- AN APPLIED COURSE IN REAL OPTIONS VALUATION PDF HOW TO
- AN APPLIED COURSE IN REAL OPTIONS VALUATION PDF LICENSE
'The pricing of options and corporate liabilities,' Journal of Political Economy, 1973, Volume 81, Number 3, pp. and specifically on the observation by Stewart Myers of the Massachusetts Institute of Technology that Black-Scholes could be used to value investment opportunities in real markets-the markets for products and services.

Fischer Black, who died in 1995, was mentioned in the award citation. Myron Scholes and Robert Merton were awarded the 1997 Nobel Prize in economics for their financial-options valuation model. This case builds on the model developed for financial options by Fischer Black and Myron Scholes as modified by Robert Merton, 1 1. The managers reevaluated the company’s portfolio, and instead of letting blocks go for a notional amount, they decided to hold on to those with high option value and to sell or trade the rest at their revised worth.
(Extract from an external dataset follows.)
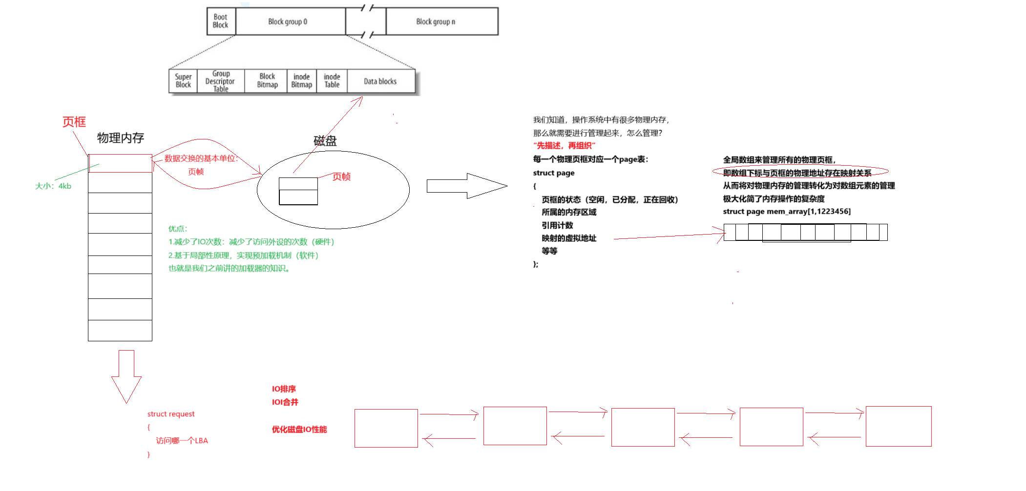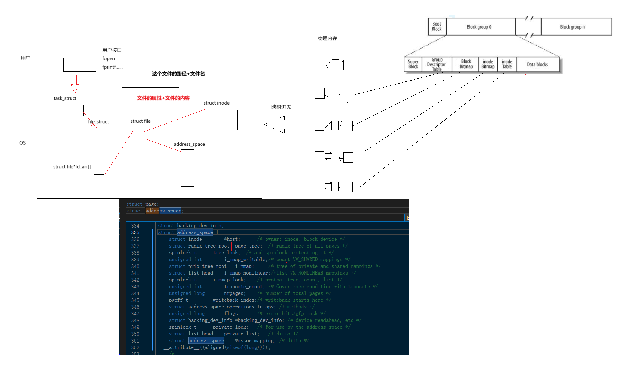 - 磁盘上的文件系统组件:操作系统通过设备驱动管理磁盘物理地址,实现“磁盘物理地址→内存物理地址→虚拟地址”的层级访问。

AN APPLIED COURSE IN REAL OPTIONS VALUATION PDF HOW TO
In other words, the managers should apply the notion of options, as conceived in financial markets, to their own business situation.Ī simple financial model showed the company’s managers how to price blocks at their option value over five years, incorporating uncertainty about the size of the reserve and oil prices and leaving room for a flexible response to the outcome. Left with unwanted blocks that were consuming cash (albeit very little) and that had limited investment appeal, the company decided to sell them to other companies that would buy them, cheaply, for reasons of geography or strategic fit.Īt one point in the divestment program, it was suggested to the company’s managers that, instead of calculating what the blocks would be worth if the company started developing them immediately, it should value its opportunity as an option to develop if, at some point in the future, recoverable reserves could be increased through the use of new drilling and production technologies. Where the blocks proved uneconomic-as most did, usually because development costs were too high in relation to expected revenues-development was shelved. Where net-present-value (NPV) analysis suggested that the economics were positive, the company drilled and developed the blocks.

AN APPLIED COURSE IN REAL OPTIONS VALUATION PDF LICENSE
Over 30 years of operation, one North Sea oil company accumulated a portfolio of license blocks-five-year rights to explore and produce oil and gas.